MPAA argues that e-mails it obtained for its case were technically not “intercepted” in violation of federal wiretapping law since the hacked server from which they were sent stored them for several milliseconds before transmission.
Though TorrentSpy, once one of the more popular BitTorrent tracker sites around, is long gone, the case still reverberates throughout the online community for it may have disastrous implications for online privacy as we know it.
If you recall, back in 2005 a hacker broke into TorrentSpy’s server and configured it to copy and forward all incoming and outgoing email to his personal account which he later sold to the MPAA for $15,000 USD for use in building its copyright infringement case against the site.
When the e-mails were presented in court Judge Florence-Marie Cooper ruled that they had not been intercepted in violation of the 1968 Wiretap Act because because the e-mails were stored on the mail server for several milliseconds during transmission, they were not technically “intercepted.”
“Anderson did not stop or seize any of the messages that were forwarded to him,” wrote Judge Cooper in her decision. “Anderson’s actions did not halt the transmission of the messages to their intended recipients. As such, under well-settled case law, as well as a reading of the statute and the ordinary meaning of the word ‘intercept,’ Anderson’s acquisitions of the e-mails did not violate the Wiretap Act.”
However, many have pointed out that the ruling has severe implications for online privacy for it means that so long as you have access to any server that handles an e-mail as it flows across the internet it’s technically not being “intercepted.” Government go thus simply circumvent wiretapping laws by routing e-mails through its servers.

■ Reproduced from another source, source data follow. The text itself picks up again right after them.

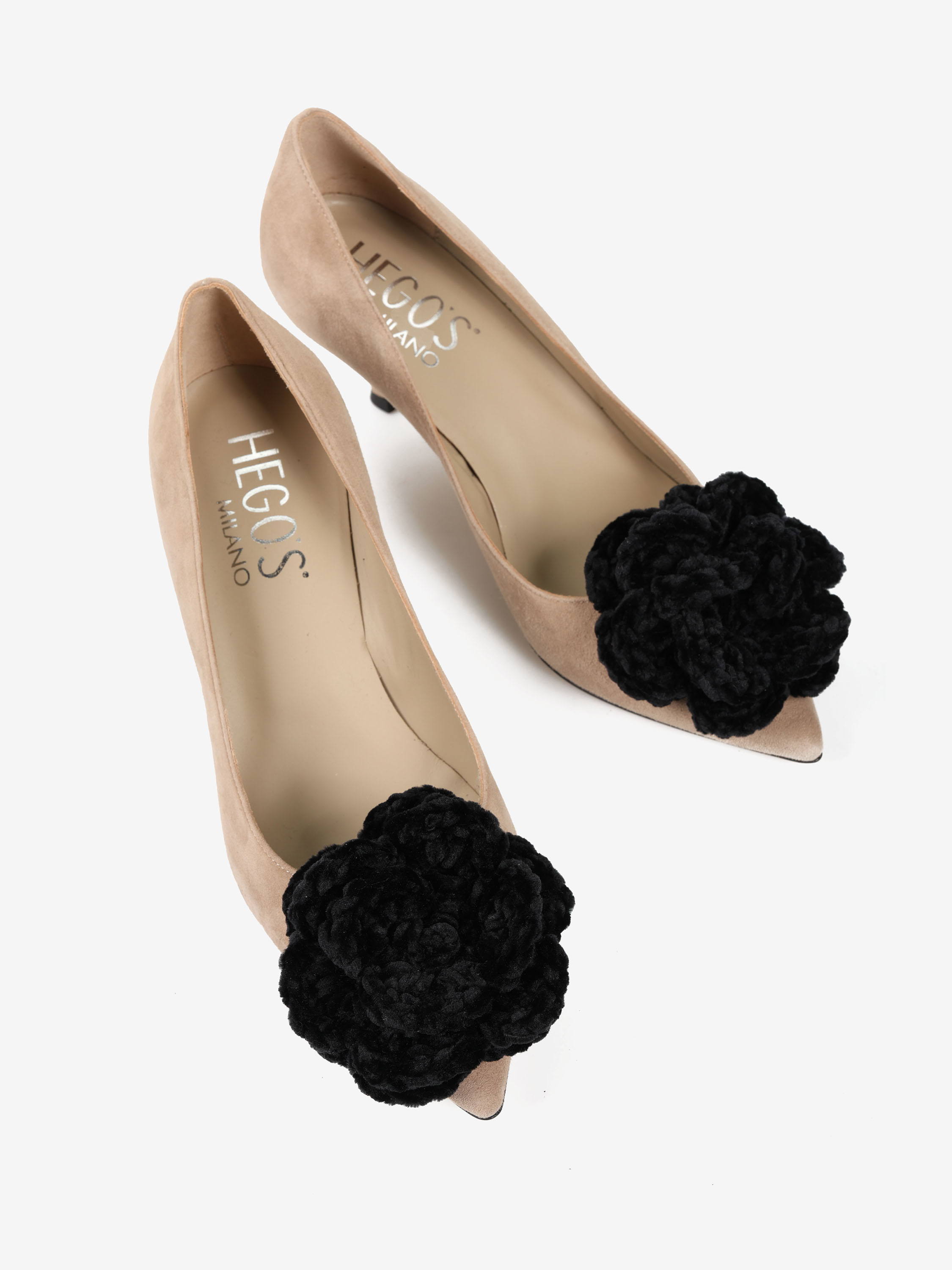 BEŻOWE SZPILKI Z KWIATEM HEGO'S MILANO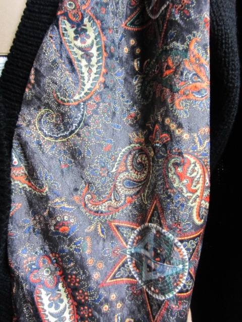 オリジナルペイズリー柄を用いたニットカーデで、ショルダー部に山羊のリアルファーが付いたデザイン。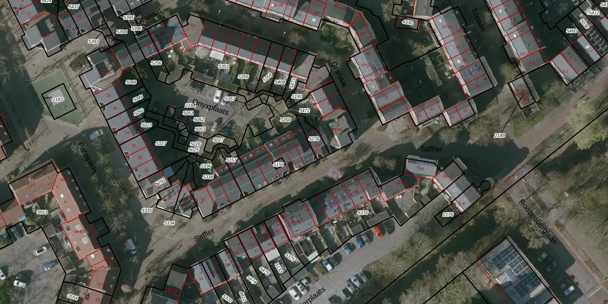 Het perceel waarop Saffier 41 staat heeft een oppervlakte van 684 m². Dit is een groot perceel. De perceeloppervlakte wordt geregistreerd door het Kadaster. Gedetailleerde informatie over de maten van dit perceel kunt u vinden in het rapport Kadastrale kaart met maatvoering van Saffier 41.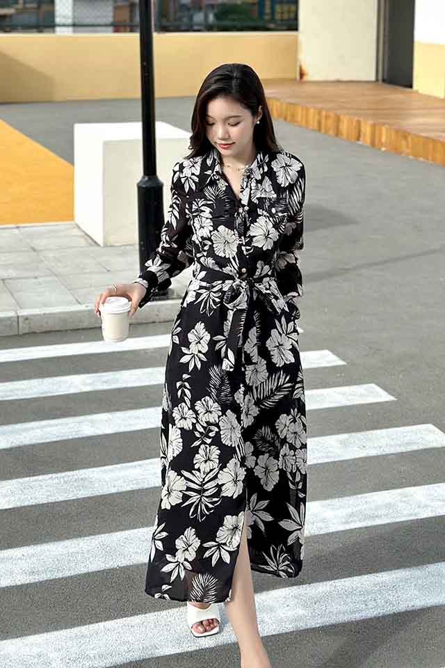 顺丰包邮洛诗琳20023春季新款皱缎提花绑带翻领连衣裙女1775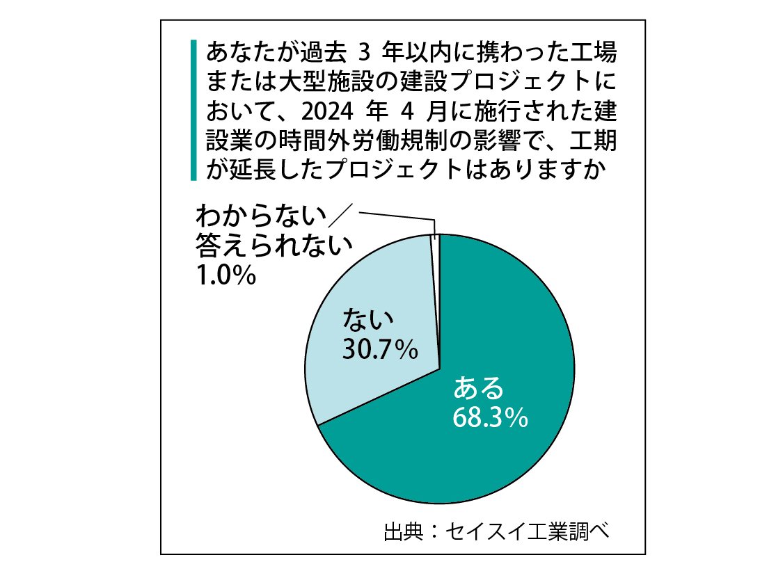 水処理・汚泥処理を手掛けるセイスイ工業は、ゼネコンまたは専門工事業に勤め、営業・工事監理・施工管理・設備担当として、過去3年以内に工場や大型施設の建設プロジェクトに関わった主任以上の101人を対象に、建設業の2024年問題が工場・施設建設に与える影響調査(2025年12月8日~10日、インターネット調査)を実施。工場・大型施設建設に携わる担当者の約7割が、時間外労働規制により工期延長を経験していることなどがわかった。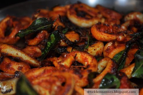 The piquant and heavenly aroma of frying squid with the meet mirsang/ chilli paste is enough to make me drool. The distinct aroma of the curry leaves used in this recipe is irreplaceable. The trick with calamari is to flash fry it, that is cook it on a high heat for a very short time. This brings out its lovely texture. Overcooking it makes it rubbery.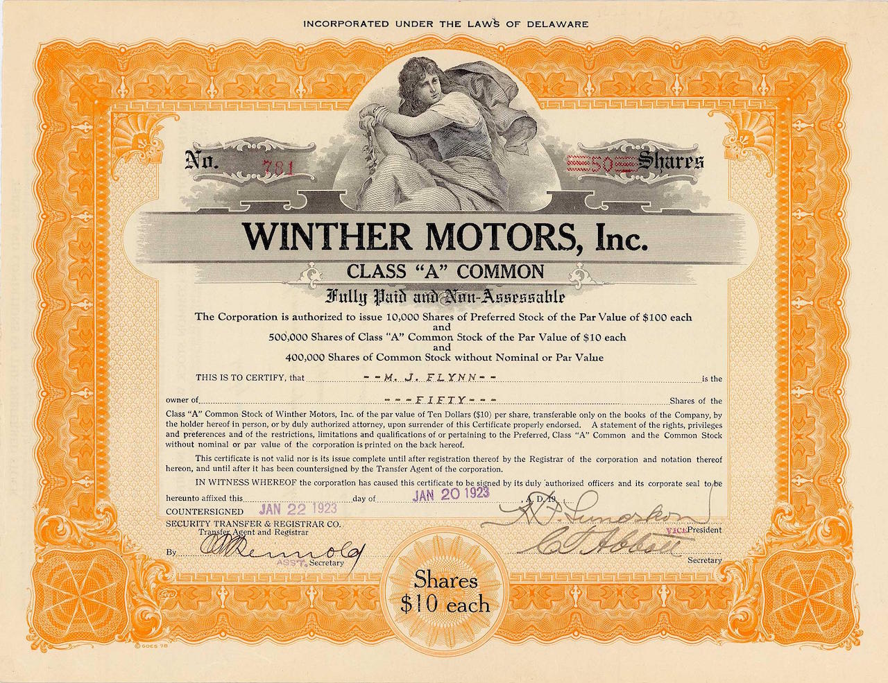 La società, fondata nel 1918, una consociata della Winther Truck Co., costruì un’auto molto bella con una macchina Hershell Spillman a Kenosho, Wisconsin, dal 1920 al 1923 con la Winther Six Tourer.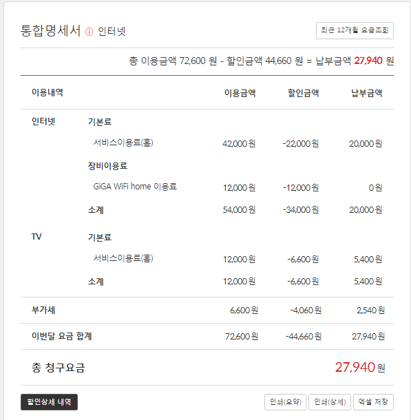인터넷/TV 할인상세내역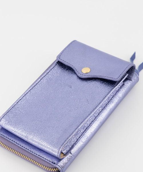 Leren portemonnee met telefoonvak op de voorkant en wordt geleverd met een afneembaar en verstelbaar hengsel. De portemonnee heeft een vakje en ritssluiting voor muntgeld, meerdere vakjes voor pasjes en ruimte voor briefgeld.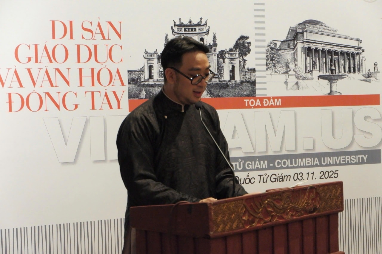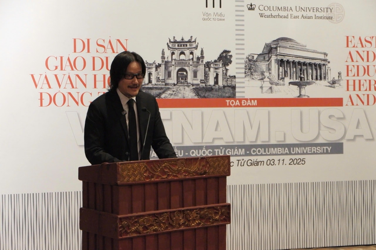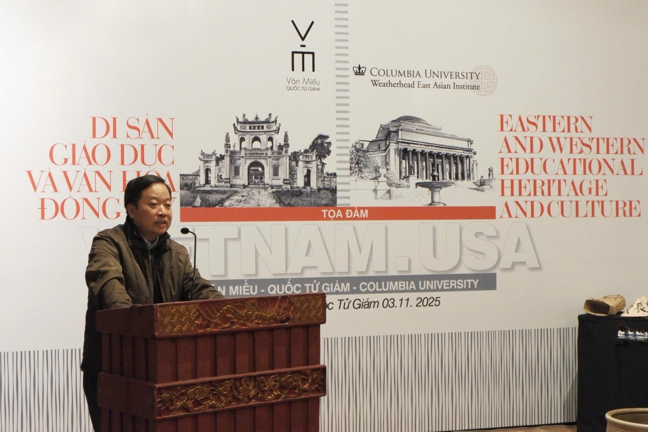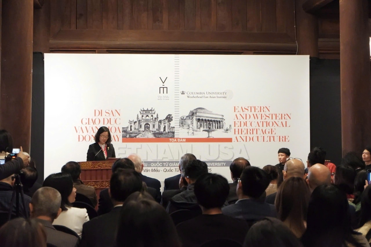 Sáng ngày 03/11/2025 tại Nhà Thái Học – Quốc Tử Giám, tọa đàm “Di sản giáo dục và văn hóa Đông – Tây” diễn ra trong bầu không khí học thuật cởi mở với sự có mặt các chuyên gia Việt Nam và quốc tế. Sự kiện mở ra cuộc trao đổi độc đáo giữa hai biểu tượng giáo dục: Văn Miếu – Quốc Tử Giám đại diện cho nền giáo dục Nho học phương Đông và Đại học Columbia (Hoa Kỳ) ghi dấu tư duy khai phóng của phương Tây.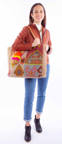Tote bag featuring colorful bright patterns and tassel. Double straps
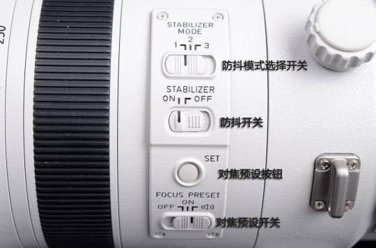 对焦环之后,进入镜头的中部,这部分是第一个开关分布集中的区域。从上至下分别是防抖模式选择开关、防抖开关、对焦预设按钮(SET)、对焦预设开关。首先说说防抖,这款镜头搭载了可获得最大相当于提高约4级快门速度补偿效果的手抖动补偿机构IS影像稳定器。防抖模式共有三种: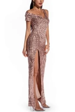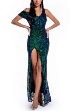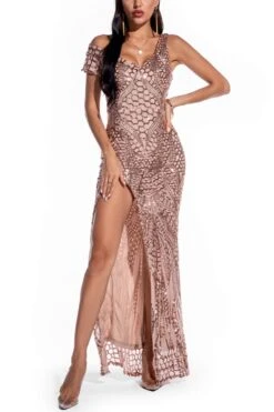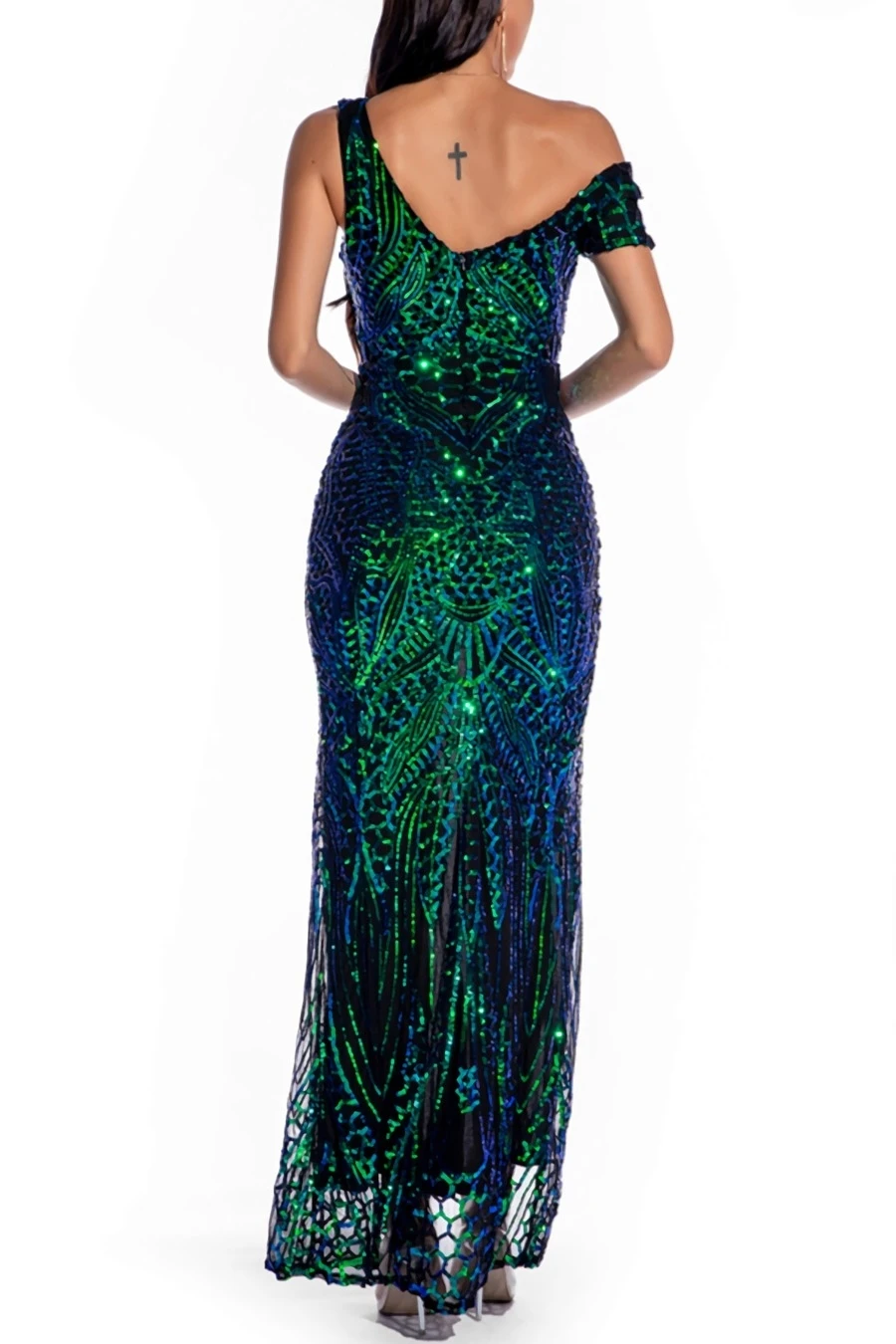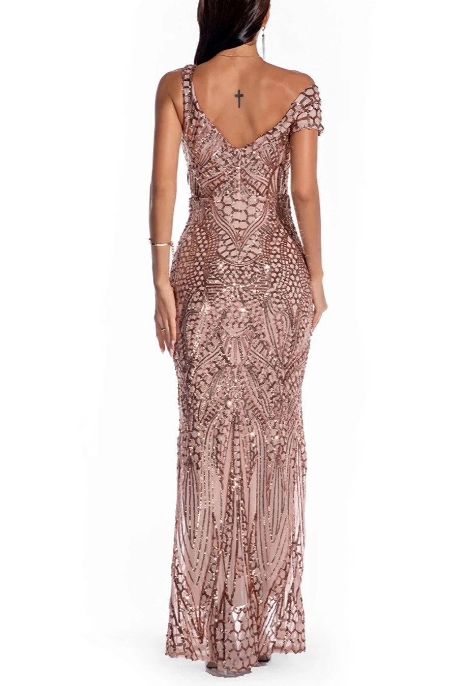 Summer new two colors sequin embroidered stretch v-neck backless high split elegant high quality maxi dress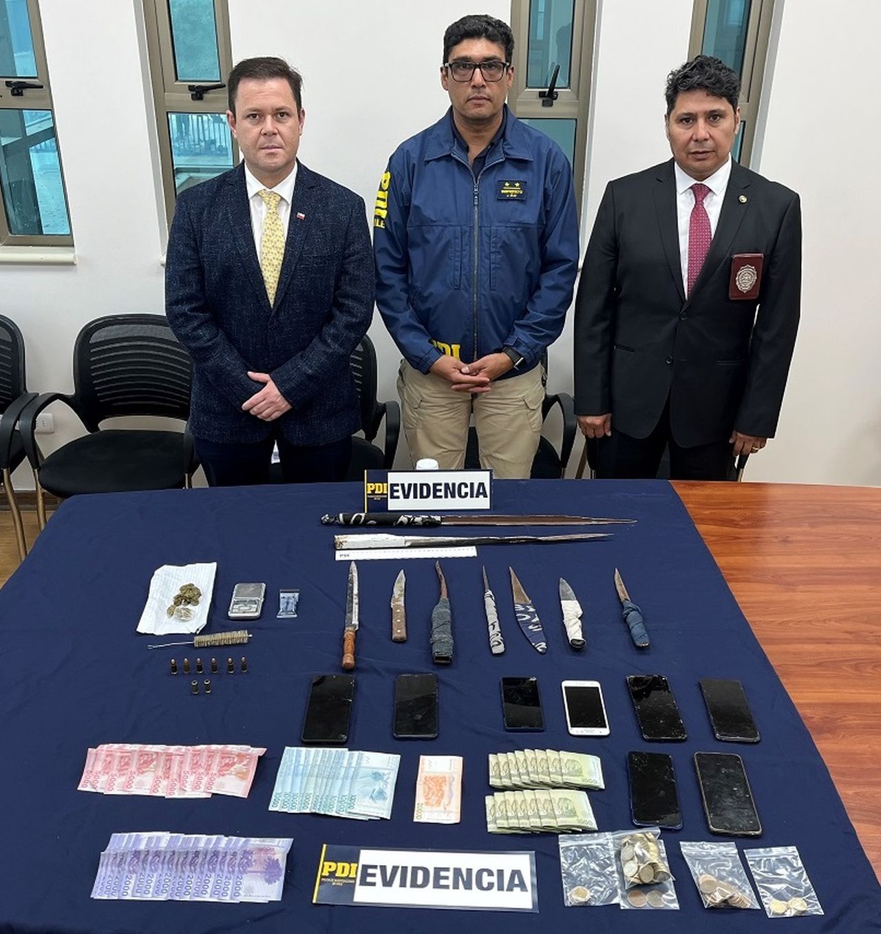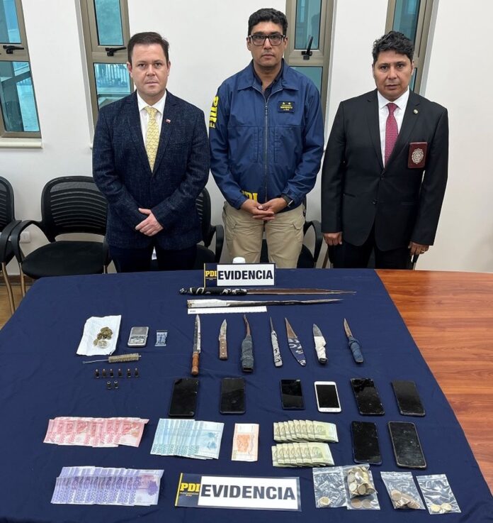 Como resultado del operativo, se logró la detención de tres personas, dos hombres y una mujer, todos de nacionalidad chilena, vinculados a la banda, además de la incautación de armas cortopunzantes, munición, sustancias ilícitas, equipos telefónicos móviles y dinero en efectivo, presumiblemente proveniente de la comercialización de drogas.

“It could really gut the wiretapping laws,” said Orin S. Kerr, a George Washington University law professor and expert on surveillance law. “The government could go to your Internet service provider and say, ‘Copy all of your e-mail, but make the copy a millisecond after the email arrives,’ and it would not be a wiretap.”
The Electronic Frontier Foundation (EFF) has filed an amicus (friend-of-the-court) brief pointing out that the “ruling is incorrect as a matter of law and must be overturned in order to prevent the government from engaging in similar surveillance without a court order.”
From the brief:
Most worrisome is that under the district court’s holding, law enforcement officers could engage in the contemporaneous acquisition of emails just as Anderson did, without having to comply with the Wiretap Act’s requirements. For example, if the FBI installed a network wiretapping device at a point where electronic communications are stored for milliseconds before continuing to their destination, the Bureau would not have to obtain an intercept order under the Wiretap Act, but could instead proceed under the SCA’s less stringent requirements, even though such surveillance represents “a series [of intrusions] or a continuous surveillance”
under Berger, 388 U.S. at 57.
Once again we have a case involving illegal file-sharing that is about much, much, more. It’s not about copyright infringement, but rather about the rule of law and the lengths to which copyright holders are allowed to go in order to target suspected file-sharers. Just as we would never allow the govt to invade our homes and our privacy without first legally acquiring the necessary warrants to obtain evidence, so too must we never allow private business interests to do the same.